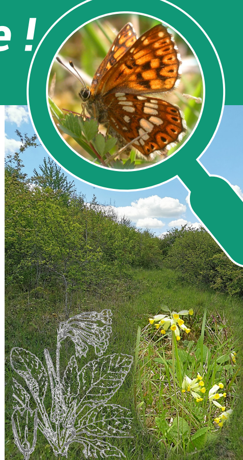
Photo paysage R. Vandeweghe ; photo Primula veris : X. Houard et illustration flore de Abbé Coste

La femelle pond sur le revers des feuilles de diverses espèces de primevères . Dans notre région, sa plante-hôte principale est la Primevère officinale ( Primula veris ) également appelée « Coucou », mais les femelles peuvent parfois utiliser la Primevère élevée ( Primula elatior ) ou la Primevère acaule ( Primula vulgaris ).
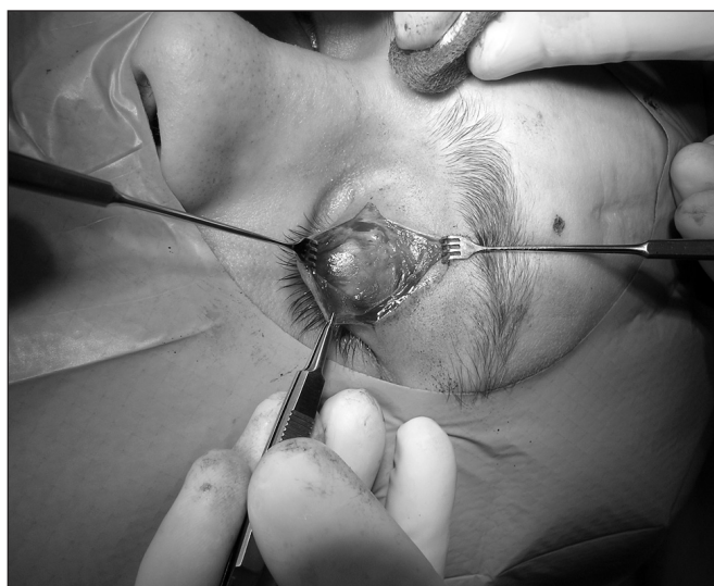
Obr. 4. Preparace podkoží horního víčka

optimální, pokud je fixován co nejnižše k tarzální ploténce. Po stabilizaci implantátu a kontrole jeho uložení adaptujeme operační ránu po jednotlivých vrstvách. Výkon končí krytím sterilním obvazem a aplikací lokálních antibiotik (obr. 3 až obr. 10).
+--
Task details — Your reply should consist solely of the lines from the line containing "La femelle pond" through the last line of the listing, unchanged and free of pictures.

Expected answer —
La femelle pond sur le revers des feuilles de diverses espèces de primevères . Dans notre région, sa plante-hôte principale est la Primevère officinale ( Primula veris ) également appelée « Coucou », mais les femelles peuvent parfois utiliser la Primevère élevée ( Primula elatior ) ou la Primevère acaule ( Primula vulgaris ).
Obr. 4. Preparace podkoží horního víčka

optimální, pokud je fixován co nejnižše k tarzální ploténce. Po stabilizaci implantátu a kontrole jeho uložení adaptujeme operační ránu po jednotlivých vrstvách. Výkon končí krytím sterilním obvazem a aplikací lokálních antibiotik (obr. 3 až obr. 10).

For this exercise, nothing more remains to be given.